§ Work instruction
Transcribe, exactly and without pictures, the lines below from the line with "The Twinkling Waterfall" to the line with "Nach 1980 trafen", both ends included, and no others.
*** Records supplied Section Begins ***
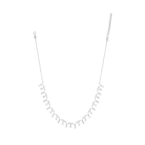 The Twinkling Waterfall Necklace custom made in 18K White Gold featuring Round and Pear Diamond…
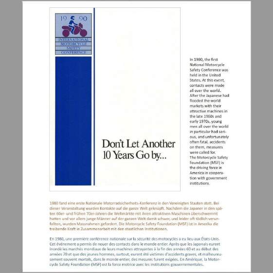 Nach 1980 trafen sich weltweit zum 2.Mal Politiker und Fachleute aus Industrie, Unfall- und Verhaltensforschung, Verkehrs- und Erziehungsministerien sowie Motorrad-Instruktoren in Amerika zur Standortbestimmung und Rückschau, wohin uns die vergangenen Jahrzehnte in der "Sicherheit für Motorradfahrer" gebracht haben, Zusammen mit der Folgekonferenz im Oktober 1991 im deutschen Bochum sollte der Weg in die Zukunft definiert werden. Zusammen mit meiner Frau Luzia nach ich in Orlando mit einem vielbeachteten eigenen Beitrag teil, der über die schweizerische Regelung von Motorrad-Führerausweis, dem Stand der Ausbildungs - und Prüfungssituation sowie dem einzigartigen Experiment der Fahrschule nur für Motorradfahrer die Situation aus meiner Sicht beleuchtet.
*** Records supplied Section Ends ***
*** Records supplied Section Begins ***
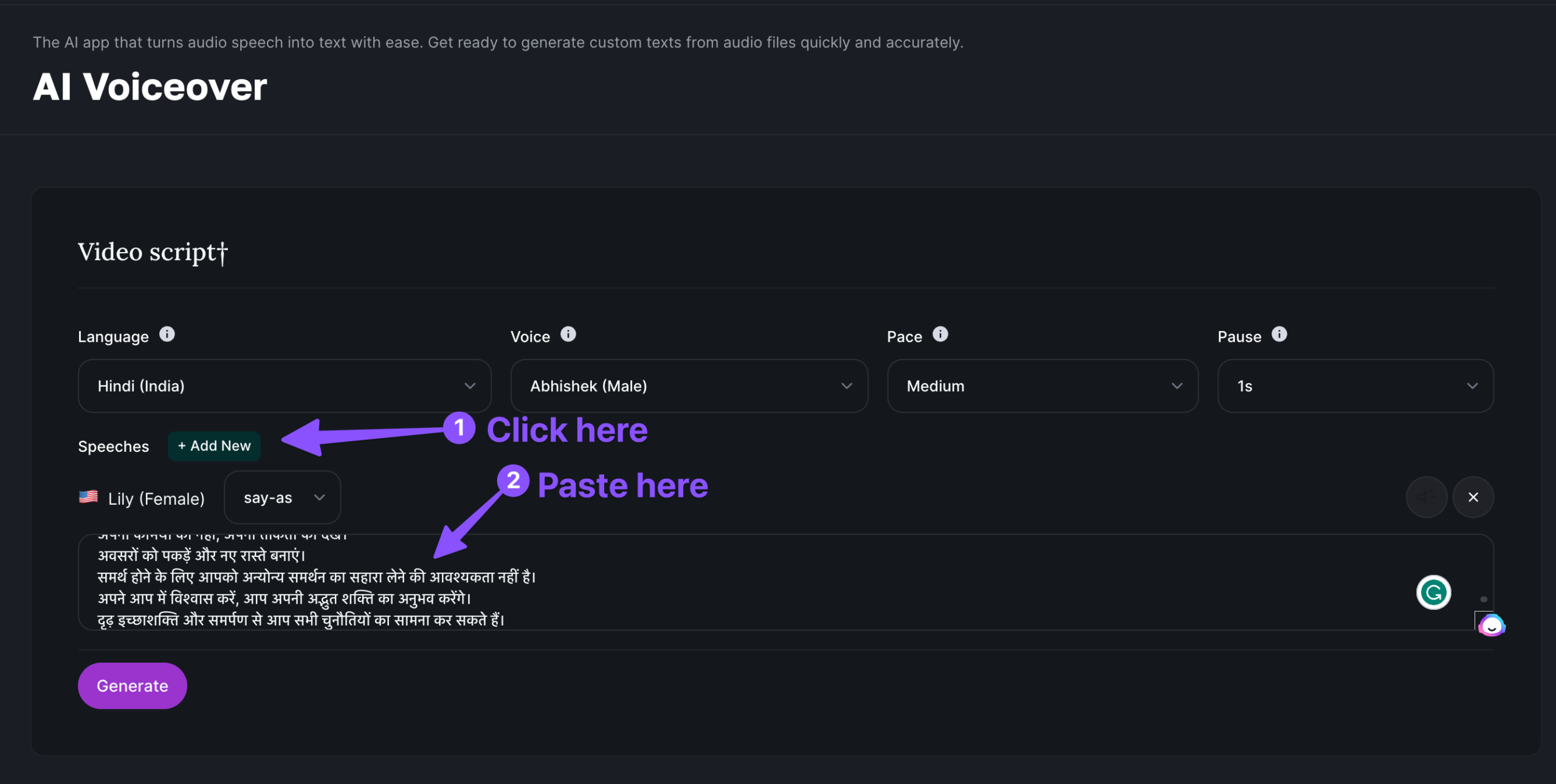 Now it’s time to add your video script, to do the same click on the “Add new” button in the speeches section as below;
*** Records supplied Section Ends ***
*** Records supplied Section Begins ***
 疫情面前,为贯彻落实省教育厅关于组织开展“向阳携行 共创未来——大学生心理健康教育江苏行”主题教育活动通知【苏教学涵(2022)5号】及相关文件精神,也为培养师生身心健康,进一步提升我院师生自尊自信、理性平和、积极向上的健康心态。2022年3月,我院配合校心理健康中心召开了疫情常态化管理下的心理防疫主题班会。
*** Records supplied Section Ends ***
§ Output for this exercise
 The Twinkling Waterfall Necklace custom made in 18K White Gold featuring Round and Pear Diamond…
 Nach 1980 trafen sich weltweit zum 2.Mal Politiker und Fachleute aus Industrie, Unfall- und Verhaltensforschung, Verkehrs- und Erziehungsministerien sowie Motorrad-Instruktoren in Amerika zur Standortbestimmung und Rückschau, wohin uns die vergangenen Jahrzehnte in der "Sicherheit für Motorradfahrer" gebracht haben, Zusammen mit der Folgekonferenz im Oktober 1991 im deutschen Bochum sollte der Weg in die Zukunft definiert werden. Zusammen mit meiner Frau Luzia nach ich in Orlando mit einem vielbeachteten eigenen Beitrag teil, der über die schweizerische Regelung von Motorrad-Führerausweis, dem Stand der Ausbildungs - und Prüfungssituation sowie dem einzigartigen Experiment der Fahrschule nur für Motorradfahrer die Situation aus meiner Sicht beleuchtet.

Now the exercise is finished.